$T_1$-property of cofinite topology.

Question

Define $\tau$ on $\mathbb N$ by $\tau:=\{A\subset \mathbb N:\mathbb N-A $ is finite$\}(=\tau_f)$.Now I want to show that $\tau_f$ gives rise to a $T_1$ space on $\mathbb N$ although it is not $T_2$.Now take any two points $x,y$ in $\mathbb N$ which are distinct.Now assume $x<y$,consider $U_x=\{x,x+1,....\}-\{y\}$ and $U_y=\{y,y+1,....\}$.Then $U_x$ and $U_y$ are such that first contains $x$ and not $y$ and the second one vice versa.Since,$x,y$ are arbitrary,so the space is $T_1$,but it is not $T_2$ because it will give rise to a contradiction that $\mathbb N$ is finite.Is the proof correct?

Answer 1

The proof could be better, abstract away from the order altogether: take two distinct $x,y \in \Bbb N$. Then $\Bbb N - \{x\}$ is an open set (its complement is $\{x\}$ which is finite), contains $y$ and does not contain $x$. Similarly $\Bbb N - \{y\}$ is open and contains $x$ but not $y$.
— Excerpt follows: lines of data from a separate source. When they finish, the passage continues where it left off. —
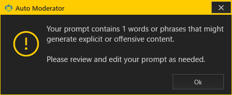 ただし、プロンプトにあからさまに NSFW なワードがあると弾かれます。
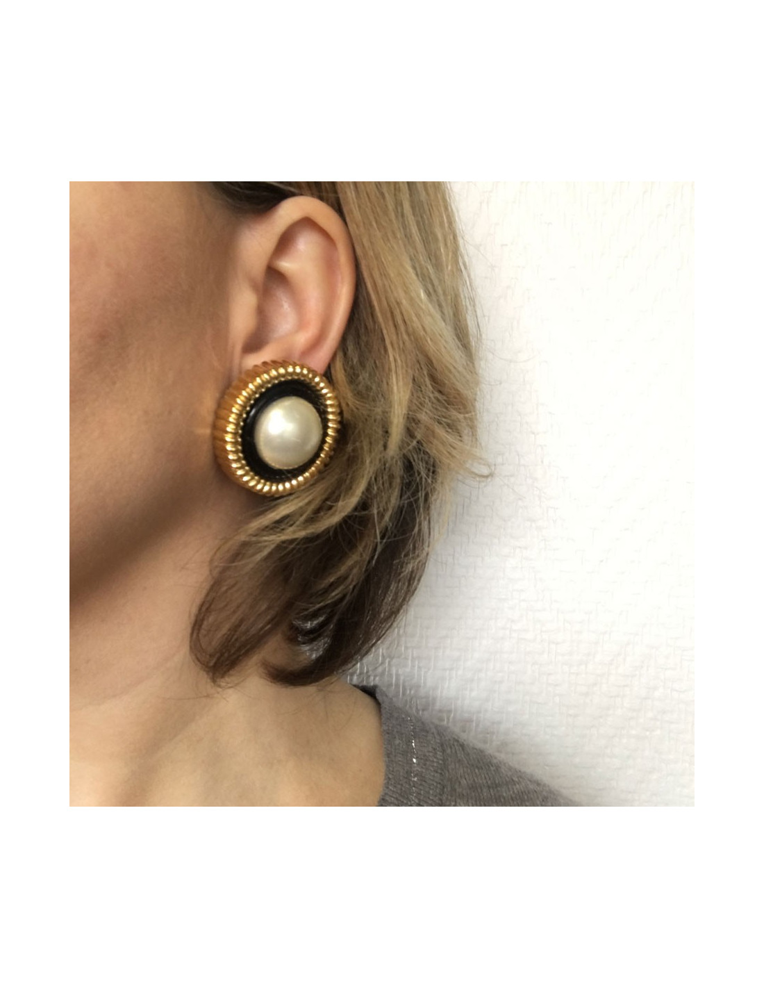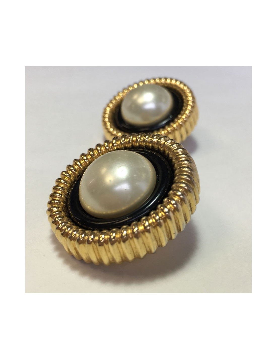 Chanel Couture clip-on earrings, in gilded metal and a pearl in the center.
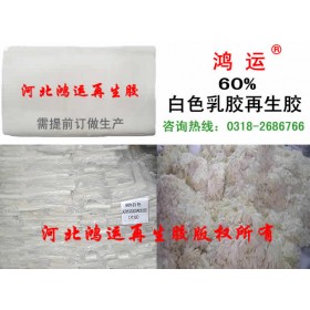 鸿运再生胶厂生产的60%乳胶再生胶以马来西亚进口废乳胶手指套为原料,通过破碎、脱硫、消毒、烘干、成型等工艺制作完成,含胶量为60%,可按2:1替代部分天然胶或与天然胶并用生产浅色模压橡胶制品。
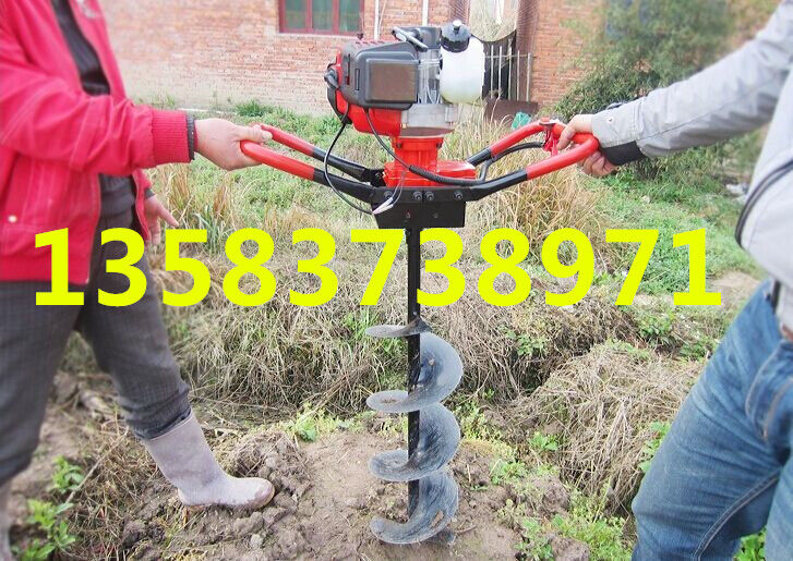 地鉆由小型通用汽油機(jī),齒輪箱及特殊設(shè)計(jì)的鉆具組成.適合在土地,凍土,冰層上打孔.廣泛用于園林,種植,植樹(shù),物探,道路建設(shè)等領(lǐng)域  2.鉆頭采用錳鋼合成更加的堅(jiān)硬。對(duì)硬土質(zhì),超硬土質(zhì),粘土,凍土等都能工作。   3.地鉆可根據(jù)樹(shù)種,選配多種規(guī)格的鉆頭,以滿足用戶需要。 4.地鉆能夠讓人們從繁重的體力勞動(dòng)解放出來(lái),廣泛應(yīng)用于植樹(shù)造林,栽種果林、籬笆、及秋季給果樹(shù)施肥等。適合各種地形,效率高,便于攜帶及野外田地作業(yè)。   5.地鉆既可以單人操作,又可雙人操作,經(jīng)濟(jì)實(shí)用。   注意事項(xiàng):1.使用正品2T(二沖程)FC級(jí)機(jī)油,嚴(yán)禁使用4T(四沖程)機(jī)油。   2.嚴(yán)禁使用純汽油。   3.嚴(yán)格按251的比例兌油. 4.新機(jī)器不可高速使用,請(qǐng)低速磨合3小時(shí)。   5.嚴(yán)禁在高速的時(shí)候突然關(guān)停發(fā)動(dòng)機(jī),否則會(huì)使下次開(kāi)機(jī)啟動(dòng)困難。   6.感覺(jué)機(jī)器震動(dòng)異常,請(qǐng)立即停機(jī)檢查,是否破損,松動(dòng),偏心。   7.嚴(yán)禁在有亂石堆的草地上使用。   8.鉆頭有嚴(yán)格的尺寸限制,嚴(yán)禁私自改裝或使用增大號(hào)鉆頭. 9.每工作一段時(shí)間清除火花塞、消音器積碳,清洗空氣濾清器,向齒輪箱加注黃油。   10.遇到問(wèn)題自己無(wú)法解決的,不要私自拆裝。   11.機(jī)器長(zhǎng)時(shí)間不用時(shí),應(yīng)該將剩余的燃油倒出,然后發(fā)動(dòng)機(jī)器將化油器內(nèi)的燃油全部燃燒干凈。   12.想讓機(jī)器運(yùn)轉(zhuǎn)更穩(wěn)定,壽命更長(zhǎng)請(qǐng)經(jīng)常保養(yǎng)。   安全事項(xiàng):   A.人身安全:嚴(yán)禁在室內(nèi)添加汽油,嚴(yán)防火災(zāi);機(jī)器運(yùn)行時(shí),嚴(yán)禁手腳靠近鉆頭;清理或檢查機(jī)器時(shí)必須停機(jī)。   B.機(jī)器安全:地鉆起動(dòng)前必須清理草坪上的雜物,確保機(jī)器安全運(yùn)轉(zhuǎn)。

The space is "anti-Hausdorff": any two non-empty open sets intersect: If $U,V$ are such sets, $F=\Bbb N - U$ is finite, $G=\Bbb N-V$ is finite and if $x \notin F \cup G$ (a finite set, so plenty left in $\Bbb N$) then $x \in U \cap V$ and so $U \cap V \neq \emptyset$. Make it concrete by saying e.g. $1$ and $2$ do not have disjoint open neighbourhoods, which is enough to refute Hausdorffness.

Answer 2

Looks good. Though maybe be a bit more explicit on why $T2$ gives a contradiction.

Also, as an exercise, try proving the same for any infinite set with the cofinite topology. On $\mathbb{R}$ or $\mathbb{C}$ this topology coincides with the Zariski topology.